Case studies have been carried out on the fracture- controlled reservoir in the Shunbei oil-gas field and the fracture-hydrothermal fluid-controlled reservoir in Shunnan-Gucheng area in the Tarim Basin, the fracture-facies- dissolution controlled reservoirs in Tailai area and Sinian-Cambrian microbialites in Anyue area in the Sichuan Basin, and the gypsum-bearing dolomite reservoirs in the Ordos Basin, which revealed the key role of coupled deposition and fracture-fluid alteration in the formation of reservoirs and enriched the theory of TECR.

2. The law of hydrocarbon accumulation and enrichment

The research on oil and gas accumulation and enrichment in deep and ultra-deep marine carbonate reservoirs carried out in large oil and gas fields, such as Tahe, Puguang, Yuanba, Anyue, and so on, has yielded a substantial understanding [37-40]. We employed new data to conduct deep research, and made significant progress in the understanding of the diversity and effectiveness of hydrocarbon source kitchens, the mechanism of phase transformation of oil-gas reservoir, the dynamics of hydrocarbon accumulation, and the model of formation and enrichment of large oil and gas fields.

2.1. The diversity and effectiveness of hydrocarbon source kitchens

The diversity of marine hydrocarbon source kitchens in deep sedimentary strata was inherited from the diversity of the development models of hydrocarbon source rock.
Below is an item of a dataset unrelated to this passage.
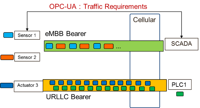 5G蜂窩技術(shù)除了適用于上述工業(yè)設(shè)備間的通信,通過和OPC-UA的結(jié)合還適用于工廠的設(shè)備層、控制層和企業(yè)層之間的通信,將設(shè)備層數(shù)據(jù)直接傳輸?shù)狡髽I(yè)層或者云端,企業(yè)的生產(chǎn)監(jiān)控設(shè)備可以實(shí)時(shí)獲得設(shè)備的運(yùn)行狀態(tài),及早將故障設(shè)備剝離出生產(chǎn)系統(tǒng),避免對生產(chǎn)造成的影響。

Macroscopically, earlier studies revealed the distribution patterns of marine source rock in the context of paleoclimate, paleo-ocean currents, paleotectonics, and several (basin-wide) regional source rocks have been identified in the Tarim Basin, Sichuan Basin and Ordos Basin [41-44], e.g., the Lower Cambrian Yuertusi Formation in the Tarim Basin, the Lower Cambrian, Lower Silurian and Middle-Upper Permian in the Sichuan Basin.
Based on outcrops and new drilling data in the Tarim, Sichuan and Ordos basins, five geological models have been recognized for the development of the organic-rich shale, deepening the understanding of prevailing tectonic settings, sedimentary facies, litho-facies and organo-facies, as well as the spatial distribution of litho-facies and organo-facies [45] (Fig. 3). The first model is exemplified by the Lower Cambrian Qiongzhusi Formation in the Sichuan Basin and the Lower Cambrian Yuertusi Formation in the Tarim Basin, dominated by siliceous shale of deepwater shelf facies deposited along passive continental margins [46]. The second model is represented by the Lower Cambrian Maidiping and Qiongzhusi formations and the Upper Permian Wujiaping and Dalong formations in the Mianyang-Changning rift trough and Kaijiang-Liangping continental shelf, dominated by deepwater shelf siliceous shales and carbonate-rich shales deposited in the intra-platform rifts [46-48]. The third model is represented by the Upper Ordovician Wufeng- Lower Silurian Longmaxi formations, including the deepwater shelf siliceous shales in the intra-continental Southeastern Sichuan Depression, and distributed between two paleohighs [46-48]. The fourth is carbonate-rich source rock represented by the calcareous shale, argillaceous limestone and micritic limestone in the first Member of the Middle Permian Maokou Formation, formed in the mid-outer parts of a carbonate ramp. The clay-rich mudstone in the Upper Permian Longtan Formation is a typical example of the fifth model, which was formed in a transitional tidal flat-lagoon setting [47].
Fig. 3. Development models and characteristics of organic rich shales. TOC—total organic carbon content.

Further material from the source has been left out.